**PROVIDED ENTRIES:**
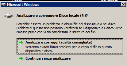Per risolvere vai su proprieta disco >> Strumenti >> Controlla
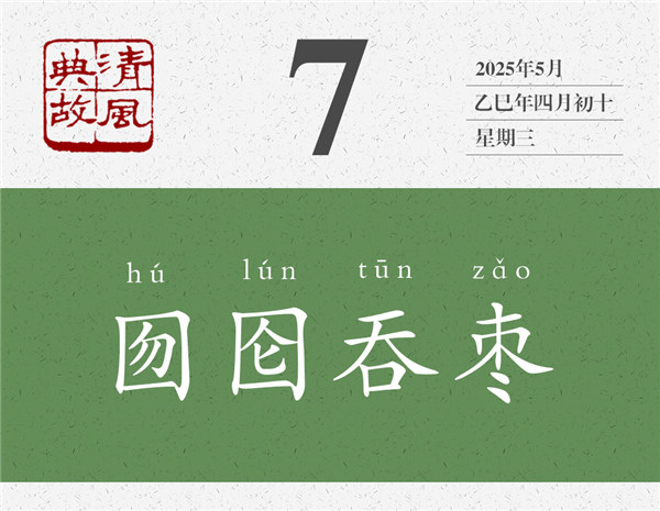 囫圇,就是完完整整的意思;把棗子完完整整地吞咽下去,就叫“囫圇吞棗”。我們常說的“囫圇吞棗”,原來是一個(gè)傻子自作聰明的“發(fā)明”。雖然完完整整地吞下了一個(gè)棗子,但嚼也不嚼,連棗核也不用吐,連棗子什么味道也不用嘗,直接就咽下去了,這是聰明之舉嗎?吃東西為什么要咀嚼,既是為了品嘗滋味、享受過程,也是為了更好地消化吸收、獲取營養(yǎng)。后世即以“囫圇吞棗”為典,比喻學(xué)習(xí)或借鑒過程中的死記硬背、照本宣科現(xiàn)象??此茡?jù)為己有了,實(shí)則只是走了個(gè)過場而已。朱自清《論詩學(xué)門徑》:“一個(gè)高中文科的學(xué)生,與其囫圇吞棗或走馬看花地讀十部詩集,不如仔仔細(xì)細(xì)地背誦三百首詩。”
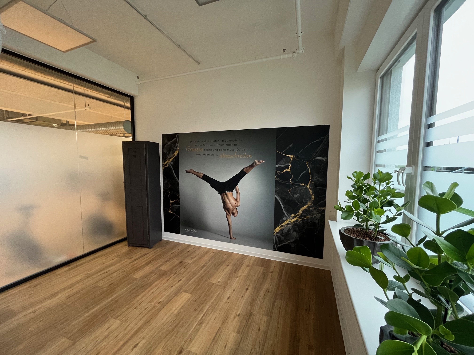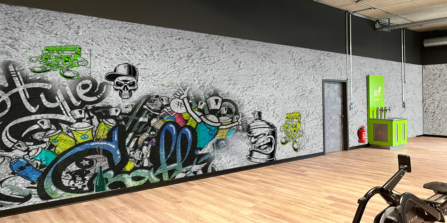 Dynamisches Fitnessstudio mit Akustikvlies-Wand in Graffiti-Art und Beton-Optik
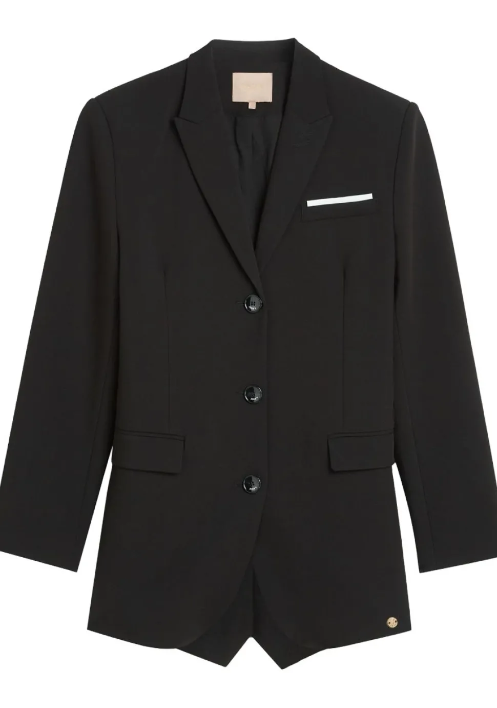 – De blazer is voorzien van klepzakken en schoudervulling. De achterzijde van de blazer is afgewerkt met elastisch detail, wat zorgt voor een getailleerde pasvorm
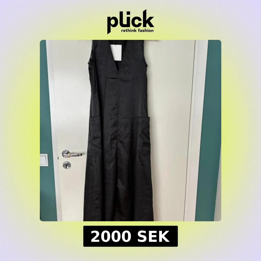 Svart ärmlös långklänning från Totême med djup v-ringning och två stora fickor framtill. Klänningen har subtila mönstrade detaljer längs kanterna och nedtill, vilket ger en cool kontrast. Materialet är mjukt och har ett lätt glansigt utseende.
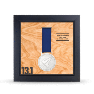 Celebrate your accomplishments with a fully custom race display designed just for you. From medal placement to photo space and personalized details, every element is tailored to reflect your unique race experience.

**WHAT THE EXERCISE ASKS:**
Leave the pictures out and output exactly the lines above, from the start of the listing through the line with "囫圇,就是完完整整的意思;把".

**EXERCISE OUTPUT:**
Per risolvere vai su proprieta disco >> Strumenti >> Controlla
 囫圇,就是完完整整的意思;把棗子完完整整地吞咽下去,就叫“囫圇吞棗”。我們常說的“囫圇吞棗”,原來是一個(gè)傻子自作聰明的“發(fā)明”。雖然完完整整地吞下了一個(gè)棗子,但嚼也不嚼,連棗核也不用吐,連棗子什么味道也不用嘗,直接就咽下去了,這是聰明之舉嗎?吃東西為什么要咀嚼,既是為了品嘗滋味、享受過程,也是為了更好地消化吸收、獲取營養(yǎng)。后世即以“囫圇吞棗”為典,比喻學(xué)習(xí)或借鑒過程中的死記硬背、照本宣科現(xiàn)象??此茡?jù)為己有了,實(shí)則只是走了個(gè)過場而已。朱自清《論詩學(xué)門徑》:“一個(gè)高中文科的學(xué)生,與其囫圇吞棗或走馬看花地讀十部詩集,不如仔仔細(xì)細(xì)地背誦三百首詩。”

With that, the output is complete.